394 Views Asked by At

I have a dataframe which contains a 3 byte country code and I need to pass that to a dictionary to return the full country name.

    data = [[1,'USA'],[2,'CAN']]
    cols = ['s.no','country']
    df = spark.createDataFrame(data,cols)
    df.show()

+----+-------+
|s.no|country|
+----+-------+
|   1|    USA|
|   2|    CAN|
+----+-------+

dict_country = {'USA':'United States', 'CAN':'Canada'}

Expected output:

+----+-------+-------------+
|s.no|country| country_name|
+----+-------+-------------+
|   1|    USA|United States|
|   2|    CAN|       Canada|
+----+-------+-------------+

I can accomplish this by

df.withColumn('country_name',F.when(F.col('country')=='USA',F.lit(dict_country['USA'])).when(F.col('country')=='CAN',F.lit(dict_country['CAN']))).show()

but I dont want to write the code for each country, instead I tried

df.withColumn('country_name', F.lit(dict_country[F.col('country')])).show()

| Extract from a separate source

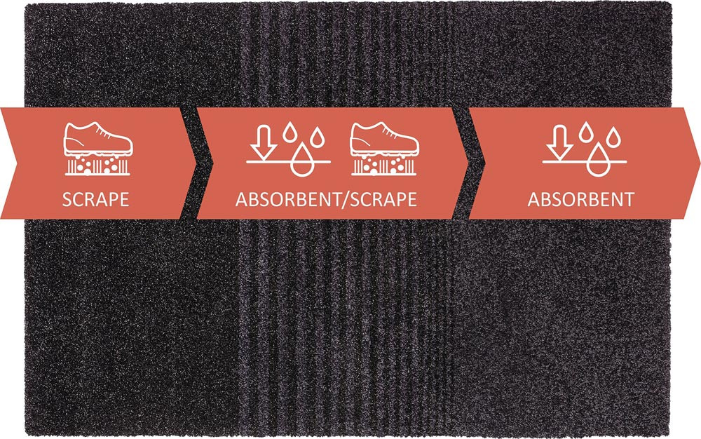 neuartige Matte mit verschiedenen Reinigungszonen · Bürstenzone zur groben Reinigung · Übergangszone · Aufnahmezone für feinen Schmutz und Feuchtigkeit · Nutzschicht 100 % PP · Rücken Vinyl · Gesamtgewicht ca. 3400 g/m² · für den Innenbereich · Stärke ca. 10 mm

and it gives TypeError: unhashable type: 'Column'. Is there a better way to accomplish this?

1

There are 1 best solutions below

0
On

Approach 1

Create a map from the dictionary then use it substitute value. This method might be more efficient when dealing with larger dataframes also this is conceptually similar to what you are trying to do

m = F.create_map(*[x for k, v in dict_country.items() for x in (F.lit(k), F.lit(v))])
result = df.withColumn('country', m[F.col('country')])

Approach 2

Create a dataframe from dictionary then broadcast join with original dataframe

c = spark.createDataFrame(dict_country.items(), ['country', 'name'])
result = df.join(c.hint('broadcast'), on='country', how='left').selectExpr('`s.no`', 'name as country')

+----+-------------+
|s.no|      country|
+----+-------------+
|   1|United States|
|   2|       Canada|
+----+-------------+